%%

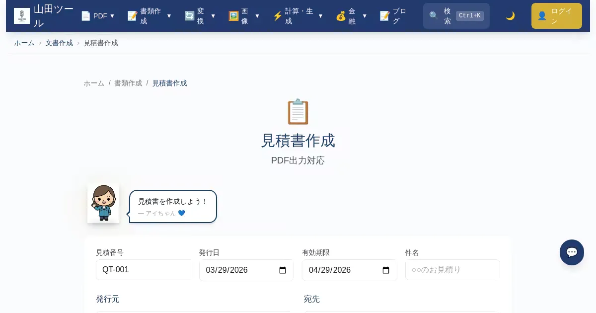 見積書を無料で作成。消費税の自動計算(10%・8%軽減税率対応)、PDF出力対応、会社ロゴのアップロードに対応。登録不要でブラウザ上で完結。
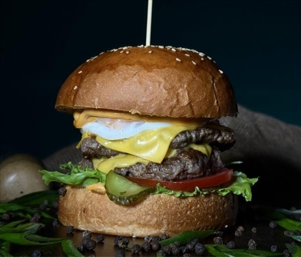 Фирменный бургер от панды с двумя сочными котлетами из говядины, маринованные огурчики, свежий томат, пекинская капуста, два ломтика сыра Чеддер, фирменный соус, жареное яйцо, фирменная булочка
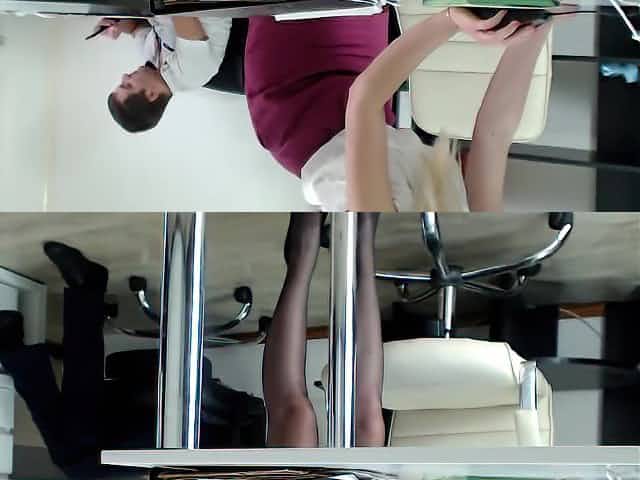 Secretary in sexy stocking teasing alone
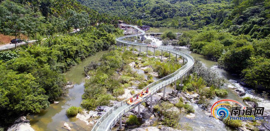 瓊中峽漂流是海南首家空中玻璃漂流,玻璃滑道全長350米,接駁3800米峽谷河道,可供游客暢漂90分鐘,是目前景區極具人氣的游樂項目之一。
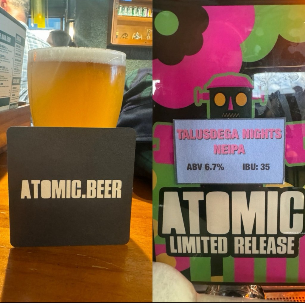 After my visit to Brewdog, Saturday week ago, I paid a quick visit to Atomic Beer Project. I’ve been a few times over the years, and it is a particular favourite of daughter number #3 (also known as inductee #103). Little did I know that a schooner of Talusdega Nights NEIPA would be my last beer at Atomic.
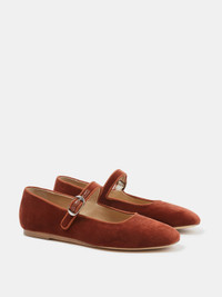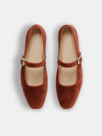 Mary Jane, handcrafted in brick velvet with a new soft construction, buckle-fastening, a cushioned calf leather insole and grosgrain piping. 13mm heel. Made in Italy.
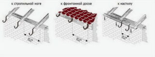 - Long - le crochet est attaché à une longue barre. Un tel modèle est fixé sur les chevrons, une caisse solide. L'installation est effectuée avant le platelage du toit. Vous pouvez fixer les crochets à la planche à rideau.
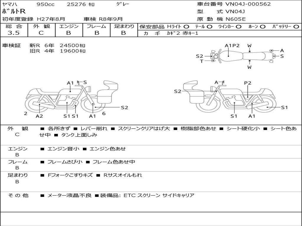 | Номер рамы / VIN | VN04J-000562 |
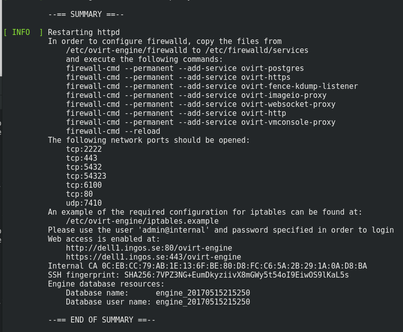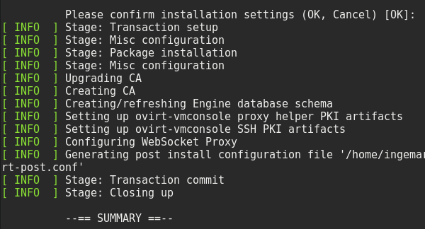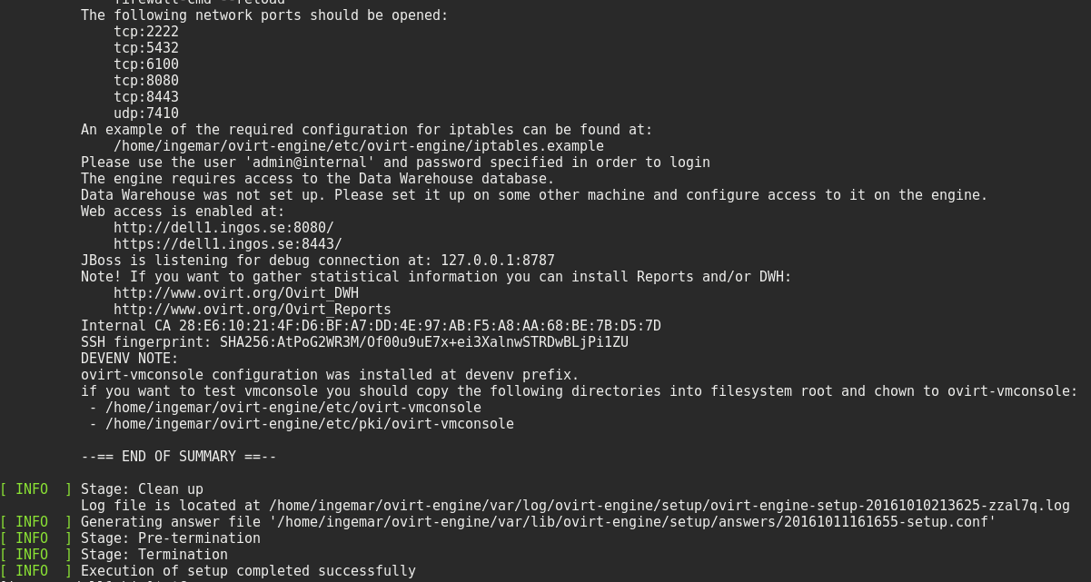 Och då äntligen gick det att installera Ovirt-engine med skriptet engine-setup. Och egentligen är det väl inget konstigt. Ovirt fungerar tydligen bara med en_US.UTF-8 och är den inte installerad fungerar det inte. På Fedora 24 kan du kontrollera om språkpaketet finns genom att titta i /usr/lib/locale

%%

A clean copy is needed of the lines above from the one with "Secretary in sexy stocking teasing alone" up to and including the one with "- Long - le". Please set it down exactly, with no pictures.

 Secretary in sexy stocking teasing alone
 瓊中峽漂流是海南首家空中玻璃漂流,玻璃滑道全長350米,接駁3800米峽谷河道,可供游客暢漂90分鐘,是目前景區極具人氣的游樂項目之一。
 After my visit to Brewdog, Saturday week ago, I paid a quick visit to Atomic Beer Project. I’ve been a few times over the years, and it is a particular favourite of daughter number #3 (also known as inductee #103). Little did I know that a schooner of Talusdega Nights NEIPA would be my last beer at Atomic.
 Mary Jane, handcrafted in brick velvet with a new soft construction, buckle-fastening, a cushioned calf leather insole and grosgrain piping. 13mm heel. Made in Italy.
 - Long - le crochet est attaché à une longue barre. Un tel modèle est fixé sur les chevrons, une caisse solide. L'installation est effectuée avant le platelage du toit. Vous pouvez fixer les crochets à la planche à rideau.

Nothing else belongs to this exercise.